▶ [Requirement]:
Using the data below, transcribe exactly everything from the line that contains "Miso Roasted Cauliflower" down to the line that contains "Featuring sweet raisins". Include both of those lines and none of the pictures.

▶ [Extracted records]:
○ ○ ○ ○

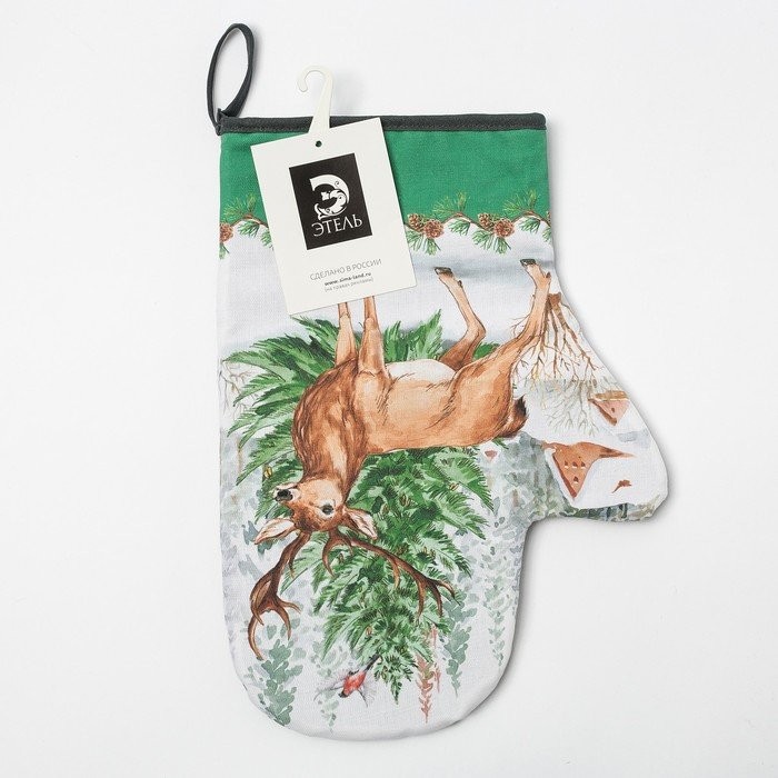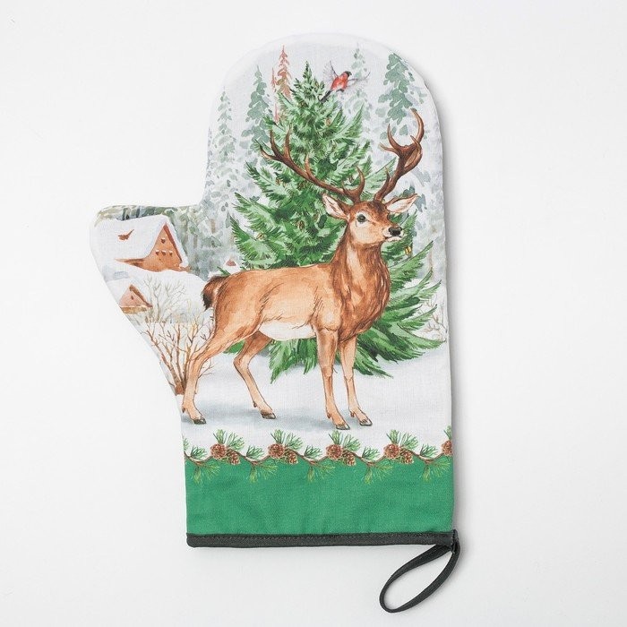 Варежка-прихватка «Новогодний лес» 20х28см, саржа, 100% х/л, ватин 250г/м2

○ ○ ○ ○

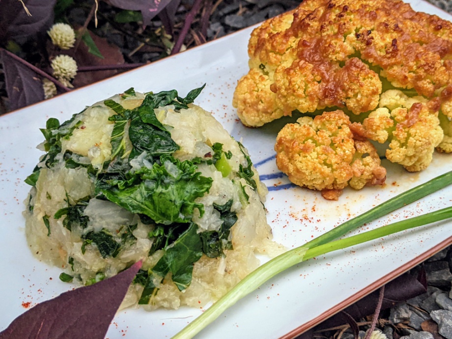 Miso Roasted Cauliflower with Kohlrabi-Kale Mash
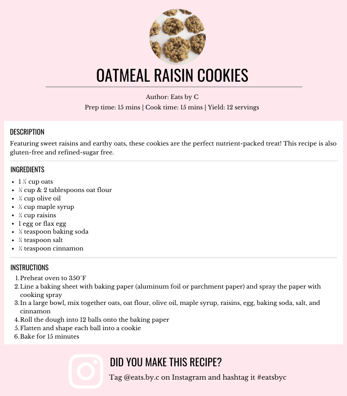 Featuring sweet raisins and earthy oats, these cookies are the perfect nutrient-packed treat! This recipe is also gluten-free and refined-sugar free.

○ ○ ○ ○

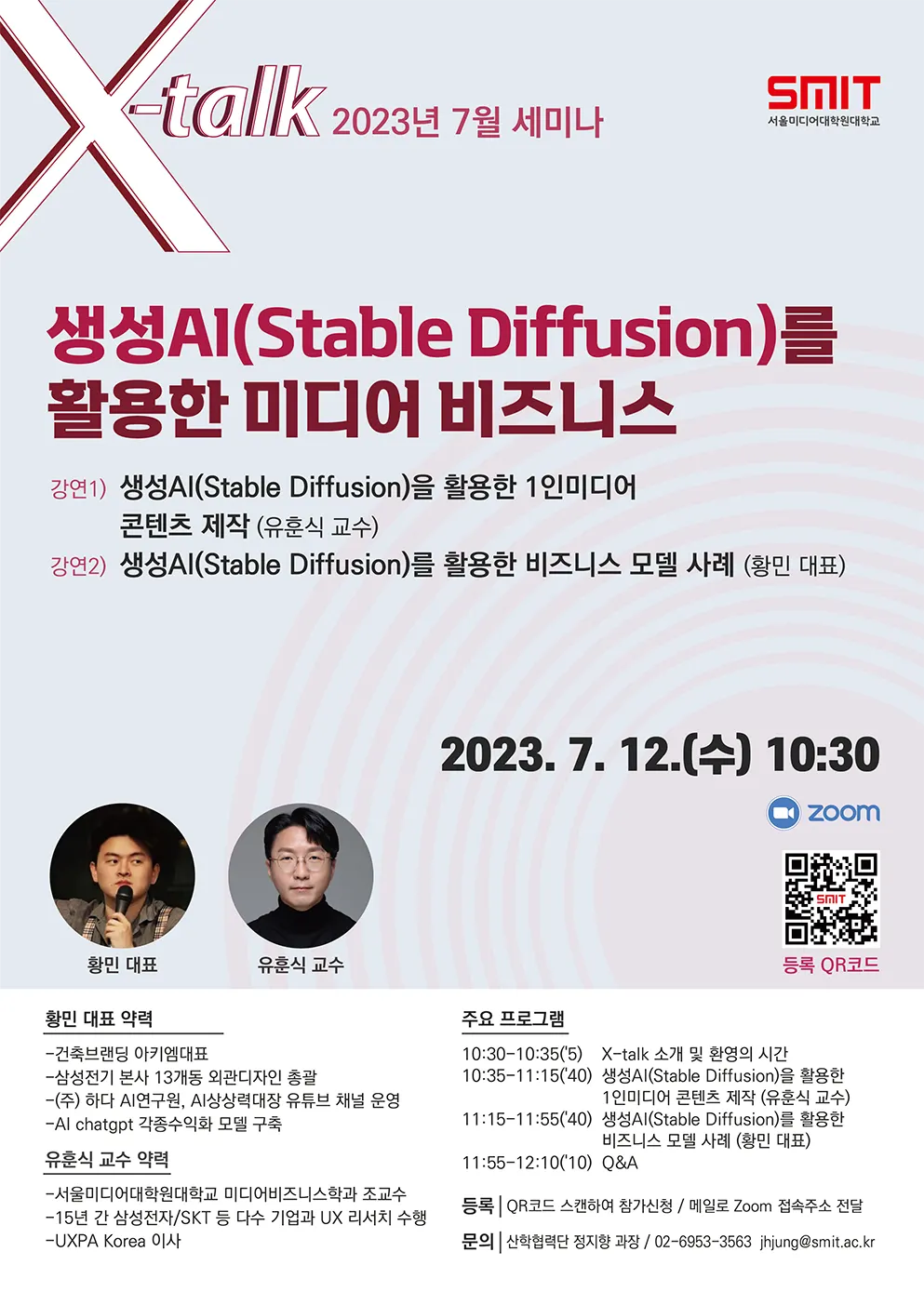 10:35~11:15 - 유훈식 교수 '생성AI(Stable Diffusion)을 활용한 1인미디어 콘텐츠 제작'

○ ○ ○ ○

▶ [Solved exercise]:
 Miso Roasted Cauliflower with Kohlrabi-Kale Mash
 Featuring sweet raisins and earthy oats, these cookies are the perfect nutrient-packed treat! This recipe is also gluten-free and refined-sugar free.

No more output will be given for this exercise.